Over the summer, I did a pretty in-depth data scouting project focused on my favorite club, namely Manchester United. Below I provide a summary/overview of my approach and some selected contents/results; the full articles are on my personal football/Man Utd blog:
- Man Utd 2023 Squad Rebuild & Recruitment: Part 1
- 2023 Squad Rebuild & Recruitment: A New GK
- Man Utd July Transfers/Scouting Update (1)
- Man Utd July Transfers/Scouting Update (2): RCB
Part 1 is a general assessment of where the club was at after Erik Ten Hag‘s first season as manager/head coach. I include a general review of the 2022/23 season, as well as a critique of the longer-term issues at the club, many of which Ten Hag still has to cope with (and arguably it’s holding him and the team’s progress back). I identify the gaps and limitations in our squad as the summer transfer window was about to open, and outlined my thoughts on the “ins” (recruiting new players) and “outs” (letting go, selling or sending on loan current players) strategy that should be adopted. Lastly, I include a tactical and data analysis about two players that I wanted to be replaced: the then number one goalkeeper at the club, David De Gea, and academy graduate Scott McTominay, who’s a midfielder.
I reproduced the analysis and methodological reflection concerning goalkeepers and De Gea on this website (see here), because it’s a very relevant topic for football scouting methodology. The flaws of the main statistical methods/data for analyzing goalkeepers’ performance is a big issue compared to data available for midfielders and forwards (there is a similar problem about defenders and especially centre-backs, as Ben Griffis explains here). Without going into it in more details, I used data from FBref, Statsbomb, Wyscout, Smarterscout and John Harrison‘s “Goalkeeper xG model”, as well as my own – and some other analysts or fans’ – observations of De Gea’s performances throughout last season, to explain why replacing him was my number #1 priority.
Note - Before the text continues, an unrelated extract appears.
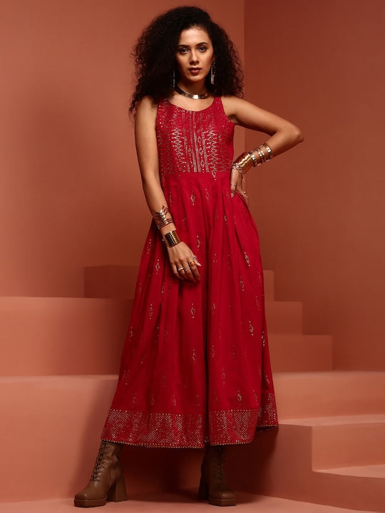 - Make a bold statement with our Black and gold-toned printed basic jumpsuit, a versatile and chic choice for ethnic occasions. This jumpsuit features a classic round neck, sleeveless design, and 2 functional pockets, seamlessly combining style and convenience.

More than anything else, the issue with De Gea is his almost complete inability to defend and prevent goals proactively, as well as his distribution/passing. They’ve been frankly mediocre for many seasons, as illustrated in this chart (the colored curves are tendency lines for each metric).
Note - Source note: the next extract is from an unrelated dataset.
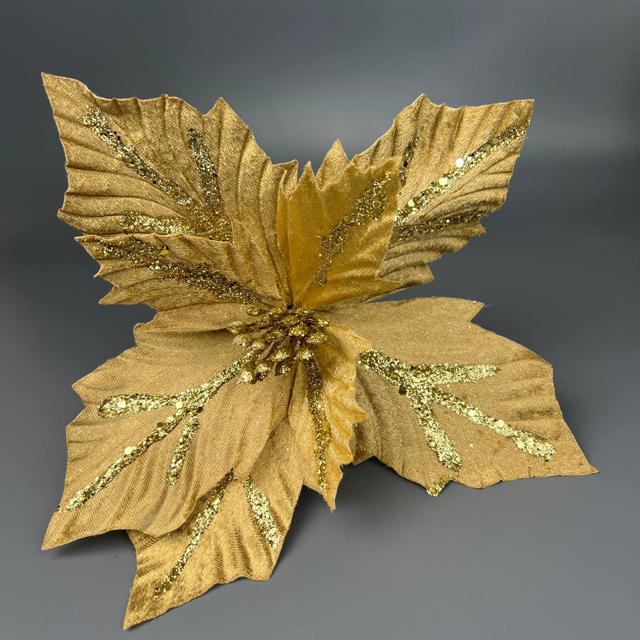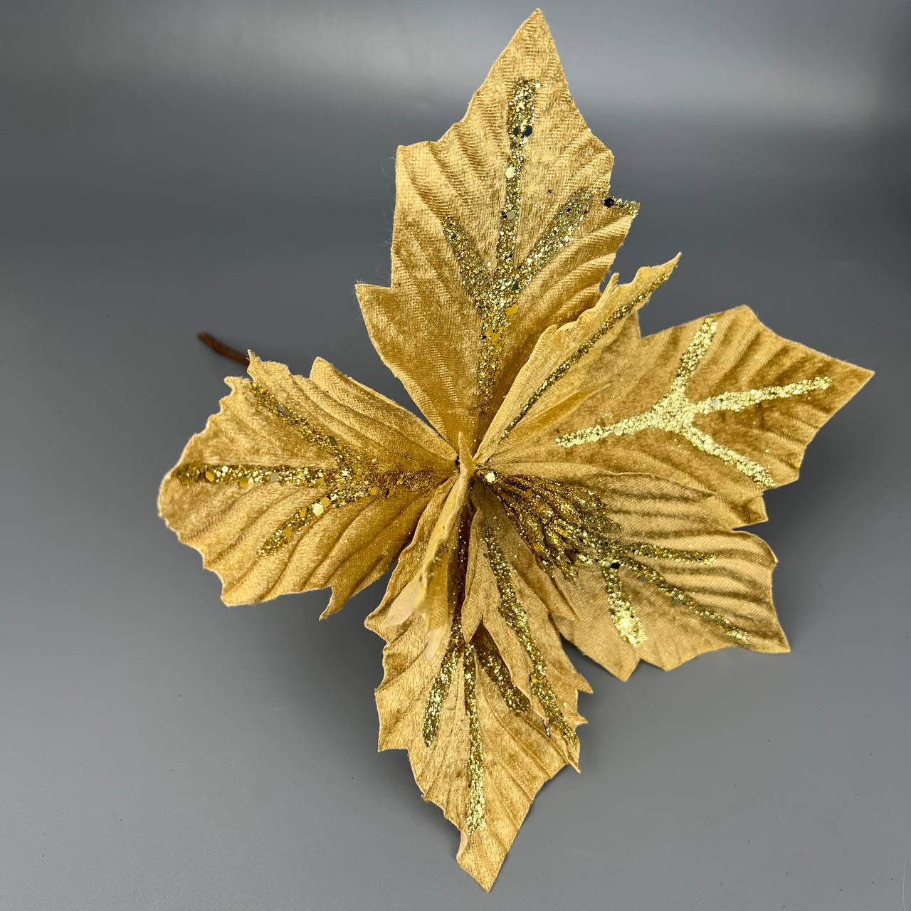 Цветок декоративный бархатный 24 см золото с глитером 2

As you can see in the above line chart (look for the orange line), and as illustrated starkly in this crosses map from Statsbomb, De Gea’s cross-stopping is extremely poor, and has been so consistently over the years. This chart from Smarterscout shows a decline in De Gea’s overall shotstopping and shot-preventing ability since his peak during 2017/2018:

The second entry in this series is a scouting report outlining which goalkeepers I thought would be fitting targets to replace De Gea. I should here introduce a dataset I’ve used throughout this series, which I compiled from FBref thanks to Ben Griffis’ webscraping Python code (here and here). The webscraper downloaded FBRef’s raw data for 11 competitions (the respective first-tier leagues in England, France, Spain, Italy, Germany, Mexico, Brazil, the USA, Portugal, the Netherlands, and the Championship, i.e. England’s second tier league) for the 2022/23 season, and saved it in csv files. I then had to do quite a lot of data cleaning and wrangling, including completing the players’ specific positions by using Jason Zivkovic’s worlfootballR to scrape the positions included in Transfermarkt‘s player pages. The reason doing was necessary is that I was thus able to create another spreadsheet with percentile ranks among positional peers: for example, you can therefore find a centre-forward’s percentile rankings for any given metric – such as expected goals per 90 – in comparison to all other centre-forwards in these 11 leagues, for 2022/23 (it wouldn’t make sense to compare a centre-forward’s performance metrics to those of a centre-back).
Back to the goalkeeper scouting report, here’s how I proceeded, with the important caveat that as mentioned above, standard goalkeeping metrics are pretty limited and should be used with a big pinch of salt. I used previous reports about Man Utd’s GK targets, some friends/analysts’ own shortlists, and a couple of simple “filter and sorting” manipulations on Excel, to narrow down a list of interesting options. At this stage I focused on stats about on-the-ball ability since shotstopping and other defensive metrics for GKs are flawed: I reviewed percentile rankings for live-ball (open play) passes per 90, completed passes per 90 and passes launch percentage (%).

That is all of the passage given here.